Adjust for Audacious drop-outs?
John Hupp
lubuntu at prpcompany.com
Thu May 21 17:58:03 UTC 2015
On 5/21/2015 1:24 PM, John Hupp wrote:
> On 5/21/2015 12:58 PM, Aere Greenway wrote:
>> On 05/21/2015 10:04 AM, John Hupp wrote:
>>> Running Audacious with JACK looks like it solves the dropout
>>> behavior (though I have not tested it on the fat clients yet), but I
>>> see that JACK and PulseAudio don't get along well together,
>>> especially on a machine with only one sound device:
>>> http://jackaudio.org/faq/pulseaudio_and_jack.html
>>>
>>> So for a general-purpose desktop it looks like it would be much
>>> better if I could get things working with PulseAudio.
>> John:
>>
>> I use VLC a fair amount, and I have not yet encountered the
>> up-to-minutes-long dropouts of the problem reported.
>>
>> When I don't have JACK running, I use VLC.
>>
>> I use Audacious a lot, practicing improvising music along with audio
>> files, and I use JACK because my music software needs the low-latency
>> it provides.
>>
>> I installed PulseAudio on my machines because the Java configuration
>> for (all) Ubuntu (variants) presumes PulseAudio is present (for the
>> Java Sound (Gervill) synthesizer).
>>
>> On low-spec machines, the Java Sound Synthesizer won't work, but on
>> those same machines, Qsynth (using JACK) works fine.
>>
>> I just thought about something that may be helping me
>> (configuration-wise) that you probably don't have.
>>
>> In the "/etc/security/limits.d" directory, I have a file named
>> "aere.conf" (my user name is aere).

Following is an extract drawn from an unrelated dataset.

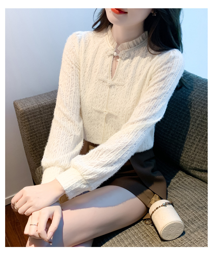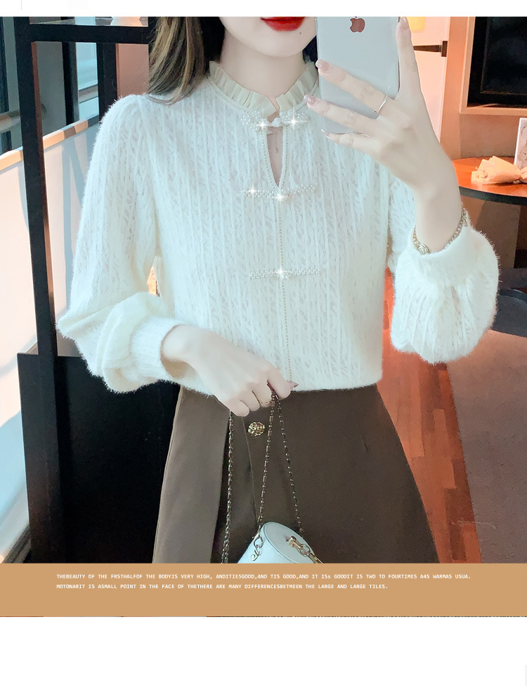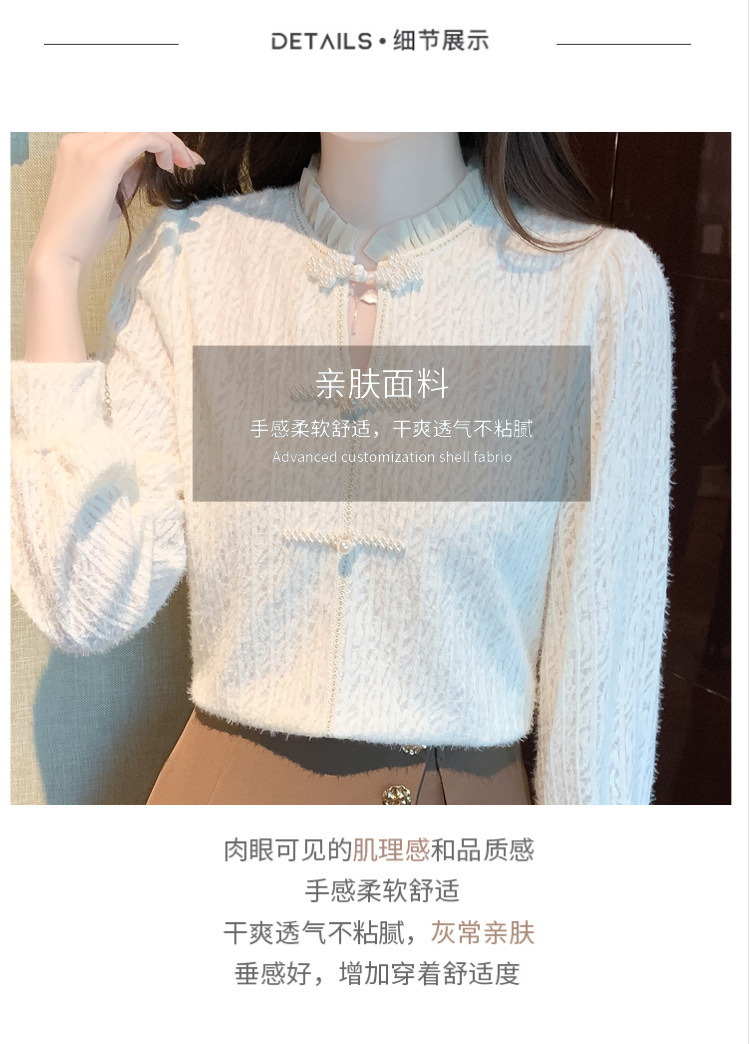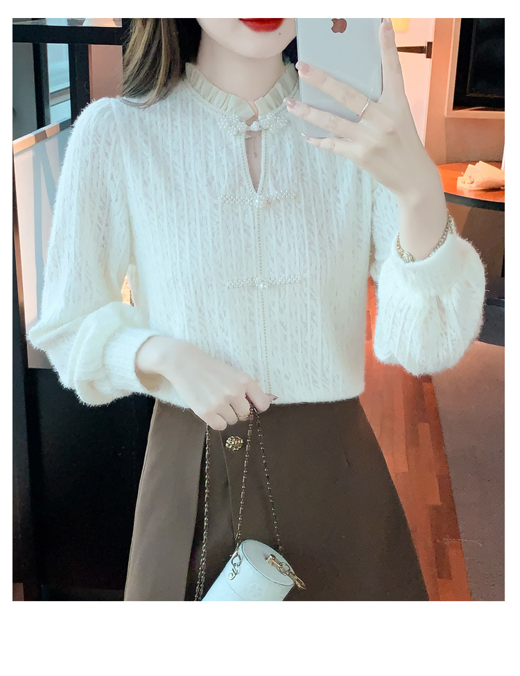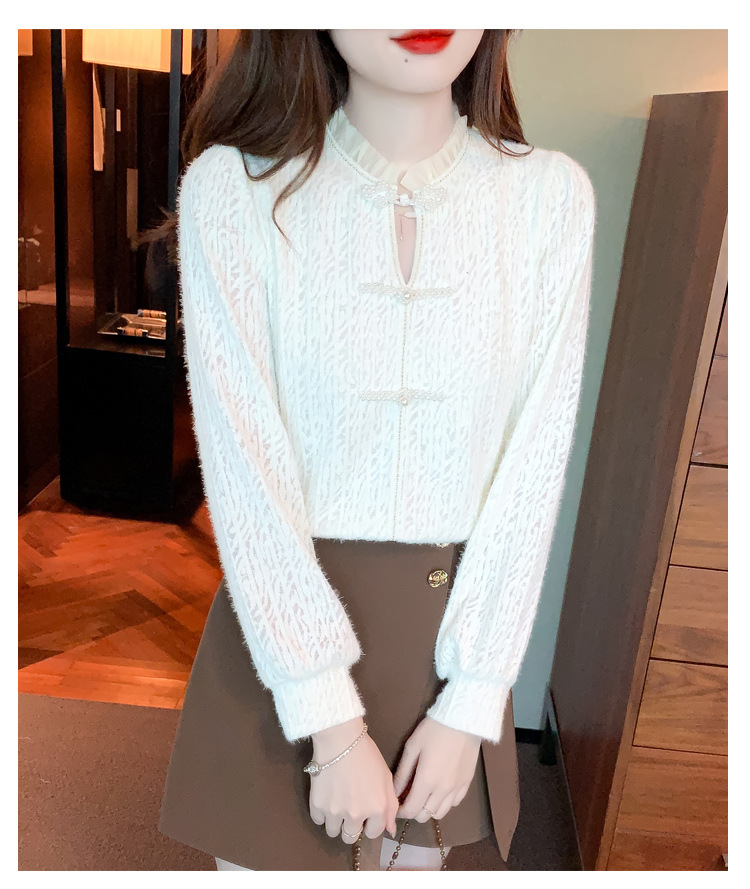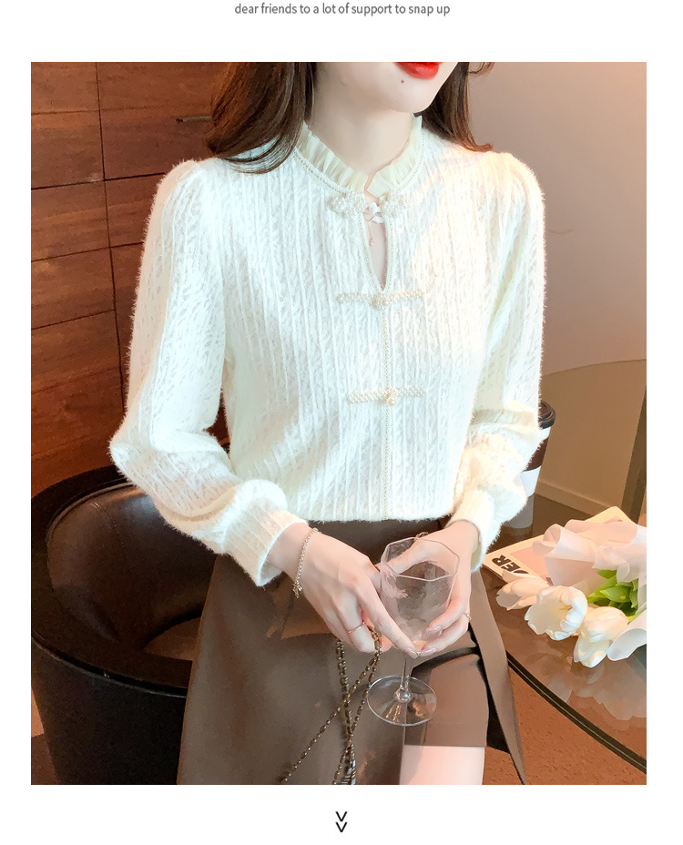 盘扣蕾丝打底衫女,冬加绒内搭别致上衣长袖磨毛洋气小衫AYL-2993

Its name and contents are
>> user-name dependent. In my case, its contents are:
>>
>> aere - rtprio 85
>> aere - memlock unlimited
>>
>> I created this file at the suggestion of the Fluidsynth developers,
>> to allow Fluidsynth (Qsynth) to work on low-spec machines, and when I
>> made this configuration change, it made a major positive difference.
>>
>> I don't know if it has any affect on the Audacious audio drop-outs,
>> but is permanently in my system.
>>
>
> The minutes-long dropouts only occur in VLC when it is run on a fat
> client. It's A-OK on a standalone.
>
> When I installed qjackctl, debconf popped up a question about whether
> I wanted to set up realtime priority (involving
> /etc/security/limits.d), but the help note said that it was a bad idea
> in a multi-user environment because jack could monopolize all
> available physical memory -- and a multi-user environment is what I
> have in this case.
>
> Concerning your note that you installed PulseAudio: I recall that it
> was not installed by default in earlier releases, but I think it is in
> 14.04 -- unless I picked it up as dependency for something else I
> installed.
>
> Before I resort to one of the exercises to try to make JACK and
> PulseAudio coexist, I would like to continue trying to make PulseAudio
> work better. I return to the thought that VLC works fine on a
> standalone without JACK, presumably using PulseAudio, though I suppose
> it could be using ALSA directly. So I'm likewise hoping that
> Audacious + PulseAudio can work well for me on this hardware.
>
> But just going a step farther into the JACK + PulseAudio scenario, do
> you just run JACK manually as needed via qjackctl, or have you
> implemented one of the coexistence options outlined at
> http://jackaudio.org/faq/pulseaudio_and_jack.html?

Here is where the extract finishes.